To sketch the graph of the function \( y = 2(x-1)^2 - 5 \), let's break it down step by step:

### 1. **Identify the Base Function:**
The base function is \( y = (x-1)^2 \), which is a parabola. The parabola opens upwards because the coefficient of \( x^2 \) is positive.

### 2. **Vertical Stretch:**
The coefficient 2 outside the squared term stretches the parabola vertically. This means the parabola will be narrower than the standard parabola \( y = x^2 \).

### 3. **Horizontal Shift:**
The term \( (x-1)^2 \) represents a shift of the parabola 1 unit to the right. This moves the vertex of the parabola from \( (0, 0) \) to \( (1, 0) \).

### 4. **Vertical Shift:**
The term \( -5 \) translates the entire graph 5 units downwards. So the new vertex will be at \( (1, -5) \).

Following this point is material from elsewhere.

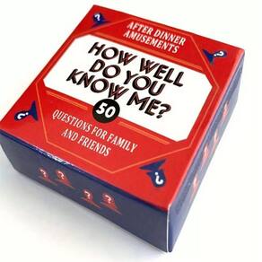 Material: Papel Cor: Vermelho Tamanho do pacote: 8,5 x 2 x 8,5 cm Peso do pacote: 0,09 kg Lista de embalagem: 1 x How Well Do You Know Me Know? Jogo de cartas (50 cartas) Jogo divertido e interativo: você me conhece bem? é um jogo de cartas divertido e interativo que desafia os jogadores com 50 dicas interessantes para testar o quão bem eles se conhecem, criando momentos de riso e união. Perfeito para familiares e amigos: ideal para jantares em família, festas ou reuniões casuais, este jogo oferece uma maneira envolvente e alegre de as pessoas se conectarem, compartilharem risadas e aprenderem mais umas sobre as outras. Simples e fácil de jogar: com regras fáceis de entender, este jogo pode ser aprendido rapidamente por jogadores de todas as idades. Ele foi projetado para ser jogado em um ambiente descontraído e divertido, sem exigir instruções ou estratégias complexas. Ótimo para vínculo e comunicação: perfeito para aprofundar conexões, este jogo promove a comunicação e a compreensão fazendo perguntas divertidas e instigantes que permitem que todos se conheçam melhor. Compacto e portátil: com seu tamanho pequeno e embalagem durável, você me conhece bem? é perfeito para viajar ou levar para uma noite de jogos. É um ótimo complemento para sua coleção de jogos para festas ou para a família.

### 5. **Graph Characteristics:**
- **Vertex:** The vertex of the parabola is at \( (1, -5) \).
- **Axis of symmetry:** The axis of symmetry is the vertical line \( x = 1 \).
- **Direction:** The parabola opens upwards because the leading coefficient of the squared term is positive.
- **Width:** The parabola is vertically stretched (narrower) compared to the standard parabola \( y = x^2 \).

### Sketch Description:
1. Start by plotting the vertex at \( (1, -5) \).
2. The axis of symmetry is a vertical line through \( x = 1 \).
3. The parabola opens upwards and is narrower due to the stretch factor of 2.
4. Plot a few points on either side of the vertex for accuracy, for example at \( x = 0 \) and \( x = 2 \), where \( y = 2(0-1)^2 - 5 = -3 \), so points \( (0, -3) \) and \( (2, -3) \) will be on the graph.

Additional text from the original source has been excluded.